• Audit slams Georgia DHS oversight

    By: Aaron Diamant


    ATLANTA,None - A scathing audit slamming a state agency has a popular local charity caught in the middle.

    The audit criticizes how the Georgia Department of Human Services tracked millions of Federal stimulus dollars -- grant money for important programs.

    Auditors were particularly concerned about payments and purchases for one program run by the United Way of Greater Atlanta.

    President Milton Little told Channel 2 Investigative reporter Aaron Diamant he he knew the Fresh Start program would face scrutiny.

    "We did all that we could to make sure that we passed muster," said Little

    The year-long program was funded by Federal grants that paid out more than $20 million for emergency housing and utility assistance to 17,000 families.

    "With that much money, we were always worried about fraud," Little said. "We were worried about a lot of things."

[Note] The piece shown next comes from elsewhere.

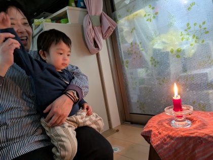 おはなし「さんびきのやぎのがらがらどん」 のあと、♪おさらにたまごにはしかけほいのじゃんけん勝負で勝ったお友達。願い事を聞いて、ろうそくの灯を吹き消してもらいました。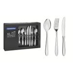 Las 42 piezas del juego de cubiertos Tramontina de acero inoxidable con cuchillos de mesa y terminación en alto brillo de la línea Satri son hermosas y útiles para la mesa. Las cucharas con cuenca en formato simétrico y bordes cuidadosamente redondeados. Tenedores con dientes pulidos en la parte interna, con formato apropiado para la boca y bordes redondeados para proporcionar más comodidad en el uso., Cuchillos totalmente templados, lo que le otorga más durabilidad al filo de corte dentado y más resistencia a la corrosión, y por sus características de templabilidad, no arañan la porcelana. Todas las piezas poseen terminación en alto brillo, dejando todas las comidas más especiales y realzando su cocina. Además, las piezas vienen en un bello estuche.

    However, the audit found the program paid out more than $43,000 in duplicate payments, because of bad oversight.

    Auditors wrote, "DHS failure to perform any subrecipient monitoring resulted in over payments to recipients, which may need to be repaid to the Federal Awarding Agency using State funds."

    "There were a lot of people that you find with the same first name, same last name, and so there were a lot of little things that happened that would account for some of those errors," explained Little.

    Auditors also questioned why DHS allowed the United Way to spend more than $25,000 on new computers, which auditors said could have been leased for half that."

    Auditors noted, "DHS failed to follow the state's computer leasing policy when it reimbursed united way."

    DHS told auditors it disagreed. Still, DHS officials refused to speak with Channel 2 on camera about the issues raise by auditors.

    A DHS spokesperson sent Diamant an email saying, "It is the department's goal to be a worthy steward of taxpayer dollars."

    Little said even though the money auditors questioned was only a fraction of the overall program cost, there were lessons learned.

    "We probably could have been a little bit more focused than we were," Little said.

    Again, the review of the Fresh Start program is just one part of the audit that found major book-keeping problems inside DHS. DHS has already admitted to auditors it needs to do better and is making changes.

    Meantime, Little said some of the over payments have already been returned.